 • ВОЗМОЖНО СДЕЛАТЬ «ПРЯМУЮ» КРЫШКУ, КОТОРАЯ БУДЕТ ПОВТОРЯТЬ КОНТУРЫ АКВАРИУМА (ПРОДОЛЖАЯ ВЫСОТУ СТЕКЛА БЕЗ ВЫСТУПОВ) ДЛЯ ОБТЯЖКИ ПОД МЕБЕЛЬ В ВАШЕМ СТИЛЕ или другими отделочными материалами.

* * *

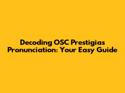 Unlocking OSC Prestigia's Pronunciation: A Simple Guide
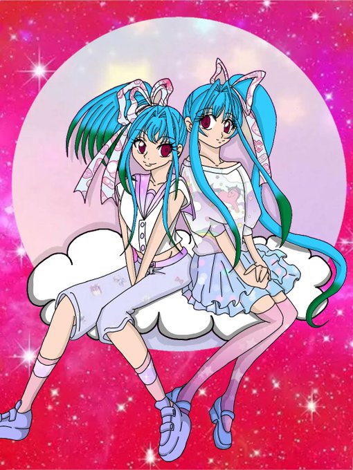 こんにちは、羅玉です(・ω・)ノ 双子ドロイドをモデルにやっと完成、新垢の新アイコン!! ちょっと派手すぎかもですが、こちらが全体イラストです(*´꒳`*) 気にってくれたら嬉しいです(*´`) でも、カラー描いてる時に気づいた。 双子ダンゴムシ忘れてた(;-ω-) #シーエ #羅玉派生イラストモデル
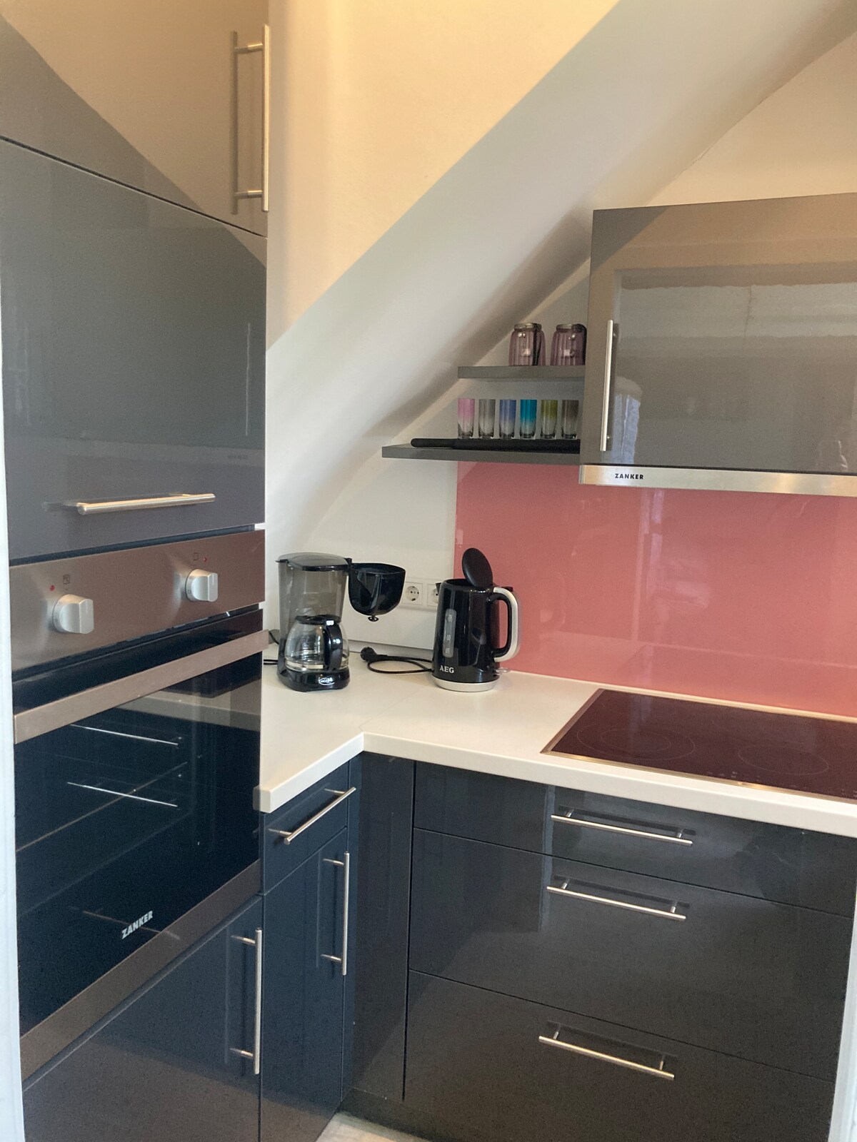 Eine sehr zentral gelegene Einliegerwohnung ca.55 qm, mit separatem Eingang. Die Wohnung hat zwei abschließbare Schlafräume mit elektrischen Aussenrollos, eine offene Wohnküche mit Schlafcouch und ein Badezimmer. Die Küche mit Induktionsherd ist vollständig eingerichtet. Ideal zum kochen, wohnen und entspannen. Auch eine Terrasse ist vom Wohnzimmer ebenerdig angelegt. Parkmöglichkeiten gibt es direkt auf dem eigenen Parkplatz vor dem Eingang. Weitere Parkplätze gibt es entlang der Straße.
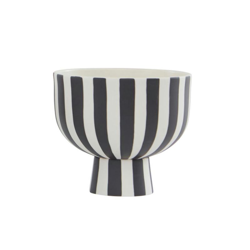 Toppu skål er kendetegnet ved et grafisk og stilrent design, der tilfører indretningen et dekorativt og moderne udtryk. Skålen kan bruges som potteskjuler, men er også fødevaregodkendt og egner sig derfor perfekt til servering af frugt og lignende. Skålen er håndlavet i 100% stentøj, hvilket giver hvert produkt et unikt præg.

What you should do: Using the data above, which lines fall from the one with "双子ダンゴムシ忘れてた(;-ω-) #シーエ #羅玉派生イラストモデル" through the one with "Toppu skål er"? Repeat them exactly, ends included, minus any pictures.

Your solution:
 こんにちは、羅玉です(・ω・)ノ 双子ドロイドをモデルにやっと完成、新垢の新アイコン!! ちょっと派手すぎかもですが、こちらが全体イラストです(*´꒳`*) 気にってくれたら嬉しいです(*´`) でも、カラー描いてる時に気づいた。 双子ダンゴムシ忘れてた(;-ω-) #シーエ #羅玉派生イラストモデル
 Eine sehr zentral gelegene Einliegerwohnung ca.55 qm, mit separatem Eingang. Die Wohnung hat zwei abschließbare Schlafräume mit elektrischen Aussenrollos, eine offene Wohnküche mit Schlafcouch und ein Badezimmer. Die Küche mit Induktionsherd ist vollständig eingerichtet. Ideal zum kochen, wohnen und entspannen. Auch eine Terrasse ist vom Wohnzimmer ebenerdig angelegt. Parkmöglichkeiten gibt es direkt auf dem eigenen Parkplatz vor dem Eingang. Weitere Parkplätze gibt es entlang der Straße.
 Toppu skål er kendetegnet ved et grafisk og stilrent design, der tilfører indretningen et dekorativt og moderne udtryk. Skålen kan bruges som potteskjuler, men er også fødevaregodkendt og egner sig derfor perfekt til servering af frugt og lignende. Skålen er håndlavet i 100% stentøj, hvilket giver hvert produkt et unikt præg.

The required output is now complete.